Обнажается базис, завершается абрис псевдобытия.
Ничего не вернуть. И не исправить. "Сожжены корабли. И в этом ты сам повинен. Лишь в мечтах — очертанья блаженной земли, а берег вокруг пустынен". Танцующий момент мира, подпаленного когда-то пламенной бунтаркой, окончательно переходит в реквием самосожжения.
А разум честно продолжает противостоять абсурду, ищет спасительных антиномий. Взгляд в сторону "врага": Германия, страна трезвого рассудка. Прусский дух, железный канцлер. За ним — "дьявольский юнкер", вытягивающий в струнку немецких рабочих (точнее было бы: ефрейтор).
По контрасту — Русь, сквозной образ барковской лирики 50-х годов. Русь свирепая и дурная, путающаяся загадками и не желающая отгадок, перемешавшая Византию и Иудею, истоптанная татарскими лошадьми, сбитая с толку чужими ученьями. Гуляет по Руси — "царь Иван", мечтающий править, сидя на печи, он же Иван-дурак, он же — вечный юрод, он же — вечевой горлопан, правящий один день "в очередь" с такими же горлопанами и не замечающий, как на него надевают ошейник.

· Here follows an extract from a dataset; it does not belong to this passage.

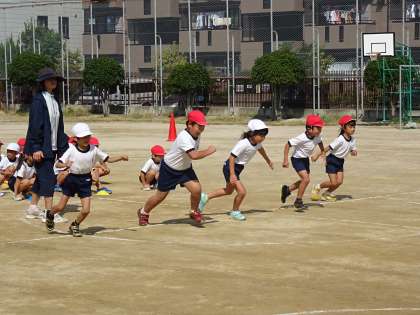 1年生は運動会でおこなう個人走(かけっこ)の練習をしました。

Во всем этом много олеографической поддельности, портящей стихи, но есть и острый нерв иронии: когда дурачка "сглазили", и он "понемножечку стал умнеть", то и получился из него некто седенький, старенький, носит он лакейский потрепанный фрак, но во фрак стучит сердце, и "забыть не может никак…"
Что забыть? То, как, веселенький, царство свое поджигал да приплясывал?
Я — шут. Но почему-то невеселый.
Да ведь шутов веселых вовсе нет.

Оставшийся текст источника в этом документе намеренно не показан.